● What the task requires: If a line below falls between the line with "3D Cartoon Girl" and the line with "产品支持10种货币转换,包括", or is one of those two, output it exactly; output nothing else and no pictures.

● Information given:
----------------

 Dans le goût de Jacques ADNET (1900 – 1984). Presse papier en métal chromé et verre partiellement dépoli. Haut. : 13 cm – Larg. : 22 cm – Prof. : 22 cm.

----------------

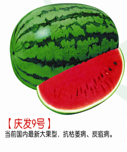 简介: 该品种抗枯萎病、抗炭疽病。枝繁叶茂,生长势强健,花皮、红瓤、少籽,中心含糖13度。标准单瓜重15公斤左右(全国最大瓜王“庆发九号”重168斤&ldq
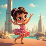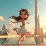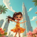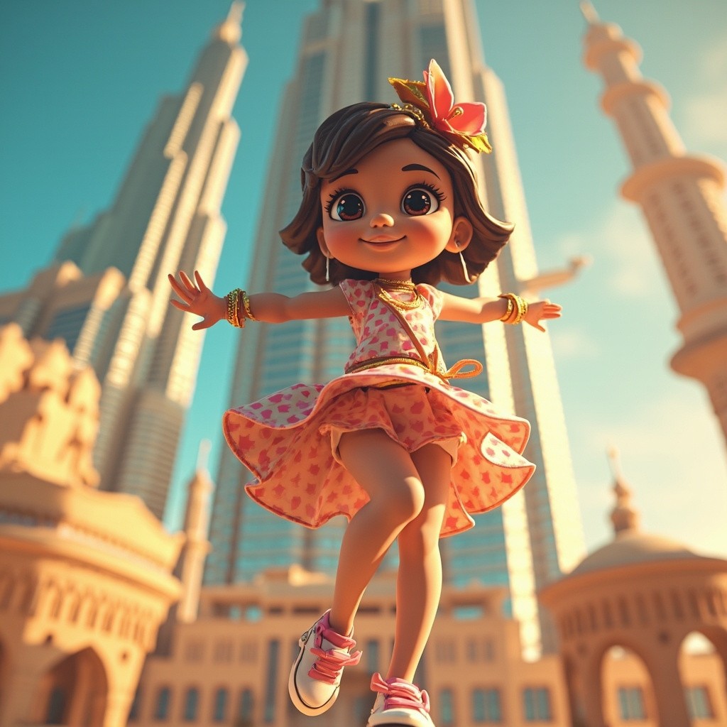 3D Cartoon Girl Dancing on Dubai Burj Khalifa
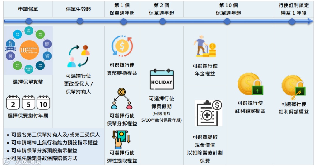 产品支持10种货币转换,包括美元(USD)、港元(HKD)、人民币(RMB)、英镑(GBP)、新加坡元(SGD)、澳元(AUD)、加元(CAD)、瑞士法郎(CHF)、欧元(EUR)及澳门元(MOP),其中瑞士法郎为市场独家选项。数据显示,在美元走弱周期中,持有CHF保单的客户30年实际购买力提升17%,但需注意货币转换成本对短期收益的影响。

----------------

● Result:
 3D Cartoon Girl Dancing on Dubai Burj Khalifa
 产品支持10种货币转换,包括美元(USD)、港元(HKD)、人民币(RMB)、英镑(GBP)、新加坡元(SGD)、澳元(AUD)、加元(CAD)、瑞士法郎(CHF)、欧元(EUR)及澳门元(MOP),其中瑞士法郎为市场独家选项。数据显示,在美元走弱周期中,持有CHF保单的客户30年实际购买力提升17%,但需注意货币转换成本对短期收益的影响。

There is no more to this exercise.